Measuring Clinical Response and Remission in Juvenile Idiopathic Arthritis: Measures of Health-related Quality of Life and Functional Ability

Measures of Health-related Quality of Life and Functional Ability

A number of indices exist for the measurement of health-related quality of life and disability in children with JIA. The most commonly used are the PedsQL and CHAQ.

The PedsQL has been validated in large populations of healthy children and in children with chronic illnesses and has been found to be a reliable and sensitive measure of health-related quality of life.^[34] Furthermore, the PedsQL 4.0 Generic Core Scales and the PedsQL 3.0 Rheumatology Module have been validated in a population of children with rheumatologic illnesses, approximately one-third of whom were diagnosed with JIA.^[35] The CHAQ was developed specifically as an outcome measure for children with juvenile rheumatoid arthritis and is a commonly used measure of disability in this population.^[36] The use of these measures and additional instruments, including the Juvenile Arthritis Function Assessment Report (JAFAR) and the Juvenile Arthritis Quality of Life Questionnaire (JAQQ), was recently reviewed.^[37]

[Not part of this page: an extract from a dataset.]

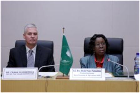 Addis Ababa, Ethiopia, 15 January 2013 – In an event that highlights continued progress towards African agricultural sustainability, African Union Commission (AUC) Commissioner for Rural Economy and Agriculture, H.E. Rhoda Peace Tumusiime and Chief Executive Officer of the Consortium of International Agricultural Research Centers (CGIAR Consortium), Dr. Frank Rijsberman today signed a Memorandum of Understanding (MoU) on behalf of the two organizations.

Two recent reports from the Pediatric Rheumatology International Trials Organization (PRINTO) multinational cohort assessed both patient and proxy reports of health-related quality of life measures. Both surveys used the Child Health Questionnaire (CHQ), a generic measure of quality of life, as the primary outcome measure. The first survey enrolled a total of 6639 children from 32 countries, 3324 children with JIA and 3315 of their healthy peers, between the years 1998 and 2000.^[38*] This survey found that children with JIA had lower CHQ scores in both the physical and psychosocial domains than did the healthy controls, with the physical domain tending to show larger effects, particularly within the areas of global health, physical function, and bodily pain. Overall, children with oligoarticular disease had better quality of life scores than children with the other JIA subtypes. The second investigation reported health-related quality of life outcomes from 3167 children with JIA in Western Europe, Eastern Europe, and Latin America and found similar results, with the additional finding that there was no significant variation in these findings between the 3 geographic regions.^[39]

These cross-sectional reports, with large numbers of patients encompassing multiple geographic regions, provide a snapshot of health-related quality of life in children with JIA and suggest areas on which to focus interventions. Longitudinal follow-up and comparison of these cohorts to more recent cohorts receiving biologic agents will provide additional information regarding the status of health-related quality of life in children with JIA.